Do both together help?

In [None]:
# edit this cell to create a TfidfVectorizer that uses stop words

# create vectorizer object
vectorizer = CountVectorizer(max_features=5000)

# convert our documents and their labels into numpy arrays
Xtis = vectorizer.fit_transform(df['quote'])
Y = (df['fresh'] == 'fresh').values.astype(np.int8)

# split the converted data into training and test sets
xtraintis, xtesttis, ytraintis, ytesttis = train_test_split(Xtis, Y, random_state=1)

In [None]:
# Evaluate performance of models
classify_svm(xtraintis, xtesttis, ytraintis, ytesttis)

# Next steps

Are you satisfied with these results? Why might you be less than satisfied? How can you explain the observed behavior? What are the next steps you would need to do to improve this classifier?
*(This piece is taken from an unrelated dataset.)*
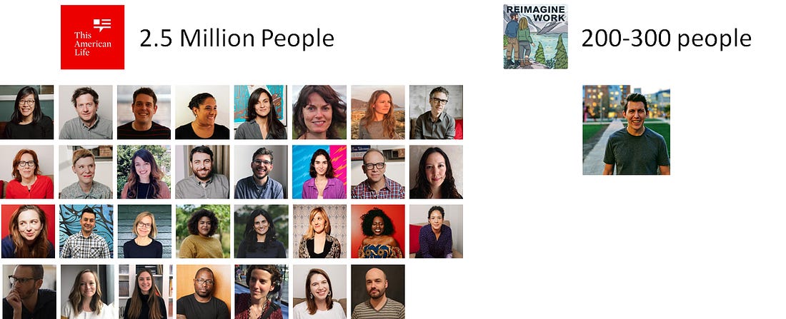 Except This American Life operates like a Fortune 500 business unit instead of a fledgling startup and this is only one of NPR’s many podcasts. Let’s take a look at their team compared to mine and the number of listeners.

If you have time remaining, try a few strategies out below.

In [None]:
# continue playing here.
# did you finish all of the previous labs? How do your implementations compare?

# More Next Steps

We're not making any money with this classifier yet. If it were that easy, everyone would do it and there'd be no money in it. The hardest part of this problem is usually finding good training data. Googling 'sentiment analysis training data' or 'sentiment analysis test data' turns up a few freely available sources. Most of them are hosted by universities.

But notice, determining the judgment of a movie review isn't the same task as determining the emotional content of a tweet. And yet, it kind of is. The computer doesn't know anything about nature of the text. All it knows is that there are documents with one label (fresh/happy) and documents with another label (rotten/sad) and it needs to fit a model to discriminate between the two. This can be extended to more classes (look into the 20 newsgroups dataset in sci-kit learn) and to proprietary corpora.

One application you might use at work is classifying support emails from users. The classes may be 'ranting', 'mischarge', 'lost order', 'gushing'. Or whatever is common. Even if the classifier isn't perfect, it could help streamline the process of getting the right emails to the right support personnel.